This is a system of differential equations which must be satisfied by any path that is stationary with respect
to $f$.

In SICM's functional notation, the Euler-Lagrange system of equations is
\begin{align*}
    (\del_1 f \circ \Gamma[q]) - D(\del_2f \circ \Gamma[q]) = 0,
\end{align*}
where
\begin{itemize}
\item $\Gamma$ is a function mapping time to the tuple of arguments taken by $f$, i.e. $\Gamma[q](t) = (t, y(t), y'(t))$,
\item $\del_1$ refers to the partial derivative with respect to position and $\del_2$ is with respect to velocity
  (zero-based indexing of positional arguments).
\end{itemize}

So, any path $q$ for which the action is stationary satisfies the Euler-Lagrange system of differential
equations. And what those equations say is the following:
\begin{enumerate}
\item Recall that $f$ is a function of time, position and velocity values at a single moment in time.

\item Compute the partial derivative function of $f$ with respect to the position argument. Note that this is a
  function of time, position and velocity; its output is a real number (the slope of a certain tangent line to
  the real-valued $f$ surface).

\item Now, form a new function by composing this partial derivative function with $\Gamma[q]$. The new function
  maps time to a real number (the slope). Call this function $A$.

\item Repeat the previous two steps for the velocity argument, instead of the position argument. So again, the
  result is a function mapping time to a real number. But this time, take the time derivative of that
  function. The result is still a function mapping time to a real number. Call this function $B$.

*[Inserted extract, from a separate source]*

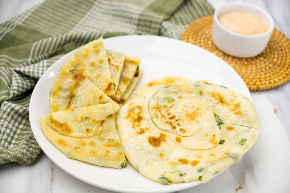• Serving: Cut the cooked pancakes into wedges and serve the hot scallion pancakes with your preferred dipping sauce.

\item Now, take a candidate path $q$. If the action is stationary along that path, then at every moment $t$ we will
  find that $A(t) = B(t)$.
\end{enumerate}

\section{Examples}
\subsection{The shortest path between two points on a plane}

\subsubsection{Functional notation}

\begin{question*}

\end{question*}

Let's return to this problem, using the functional notation. We have
\begin{proof}
  \begin{itemize}
  \item $f(x, y, v) = (1 + v^2)^{1/2}$ \\
    A function mapping the local tuple to the cost associated with that point in the path.

  \item $(\del_1 f)(x, y, v) = 0$ \\
    Partial derivative of $f$ with respect to its second argument.

  \item $(\del_2 f)(x, y, v) = v(1 + v^2)^{-1/2}$ \\
    Partial derivative of $f$ with respect to its third argument.

  \item $q(t) = y(t)$ \\
    The path: a map from time to spatial coordinate.

  \item $(\del_2 f \circ \Gamma[q])(t) = y'(t)(1 + y'(t)^2)^{-1/2}$ \\
    Composing $\del_2 f$ with $\Gamma[q]$ represents ``plugging in'' $y'(t)$ as the value of $v$.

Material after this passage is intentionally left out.